- Exercise details -
Pictures in the listing do not belong in the copy, which should repeat exactly the lines from the one holding "천안 900번: 아산시외버스터미널(환승정류장)" through the last line.

- Given material -
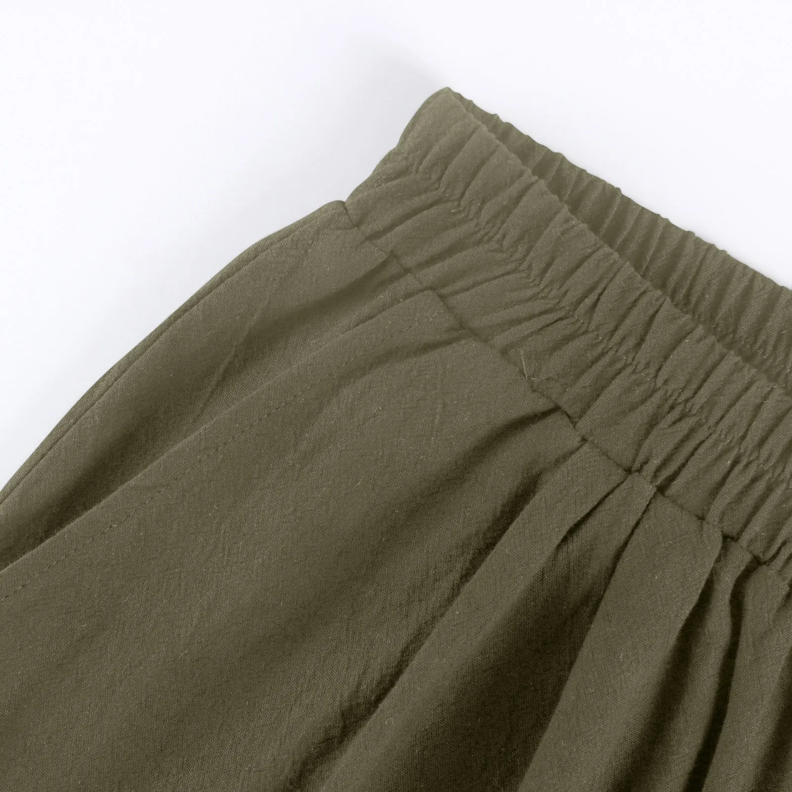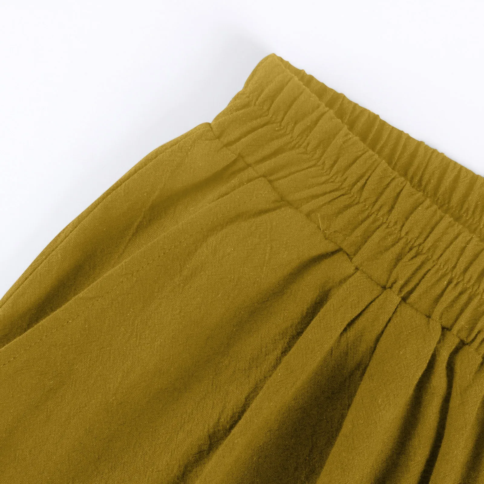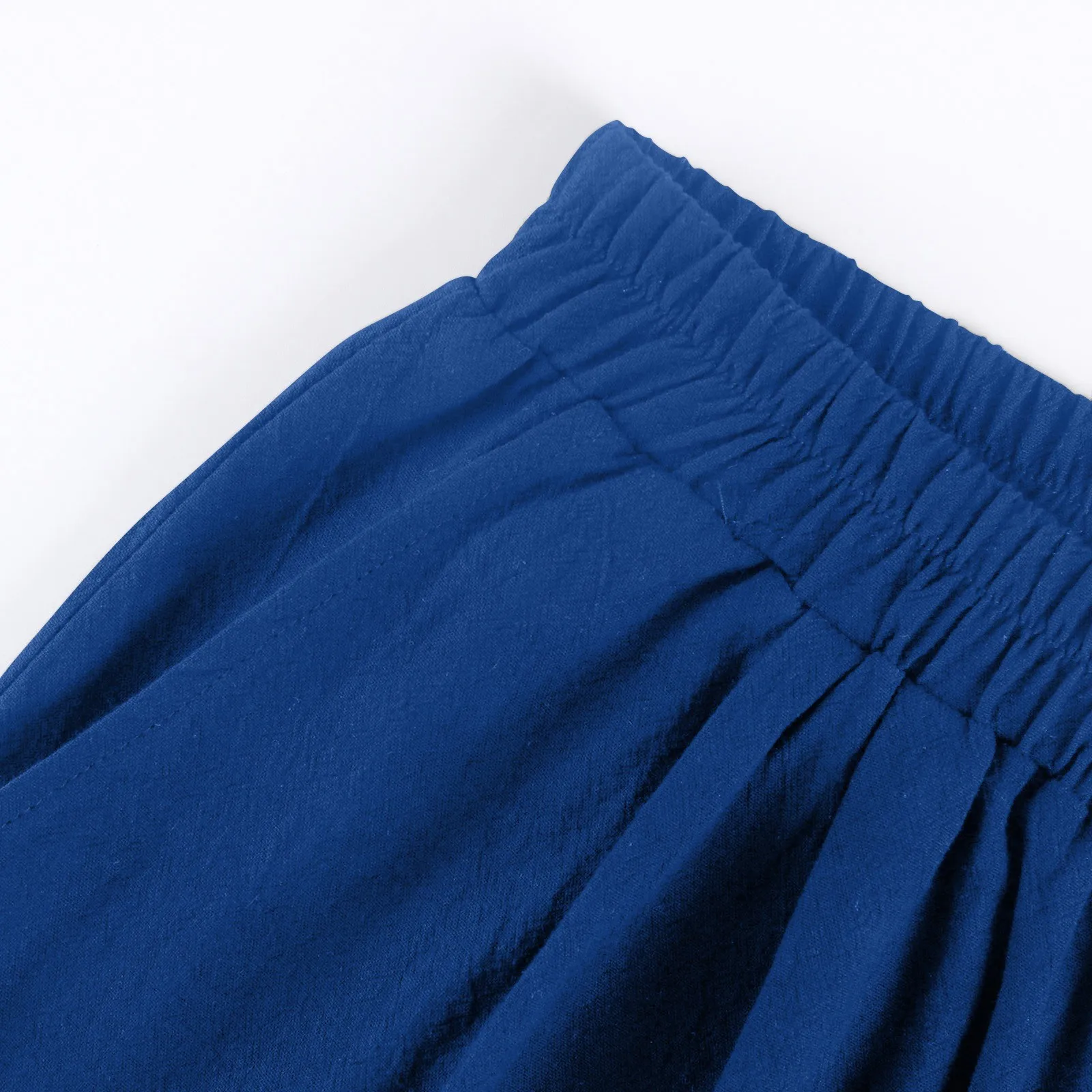 Women's Fashion Solid Color Pants Pocket Button Up Capris Loose Elastic Waist Cotton Linen Shorts Pants for Women Women’s Pants
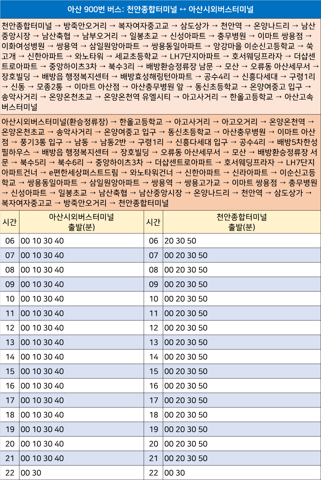 천안 900번: 아산시외버스터미널(환승정류장) ↔ 온양온천역 ↔ 이마트아산점 ↔ 배방읍사무소 ↔ 호서웨딩프라자 ↔ 쑥고개 ↔ 쌍용동일A ↔ 쌍용역[쌍용역] ↔ 이마트쌍용점 ↔ 남부오거리 ↔ 남산중앙시장 ↔ 천안역.동부광장 ↔ 종합터미널
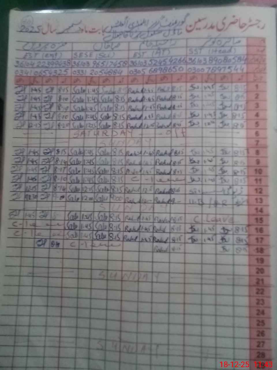 | 36**** | Sh**** Kh**** | PST | Regular | 2 | 0 | 0 | 0 | 0 | 0 | 0 | 0 | 2 | Casual |

- Output for this task -
 천안 900번: 아산시외버스터미널(환승정류장) ↔ 온양온천역 ↔ 이마트아산점 ↔ 배방읍사무소 ↔ 호서웨딩프라자 ↔ 쑥고개 ↔ 쌍용동일A ↔ 쌍용역[쌍용역] ↔ 이마트쌍용점 ↔ 남부오거리 ↔ 남산중앙시장 ↔ 천안역.동부광장 ↔ 종합터미널
 | 36**** | Sh**** Kh**** | PST | Regular | 2 | 0 | 0 | 0 | 0 | 0 | 0 | 0 | 2 | Casual |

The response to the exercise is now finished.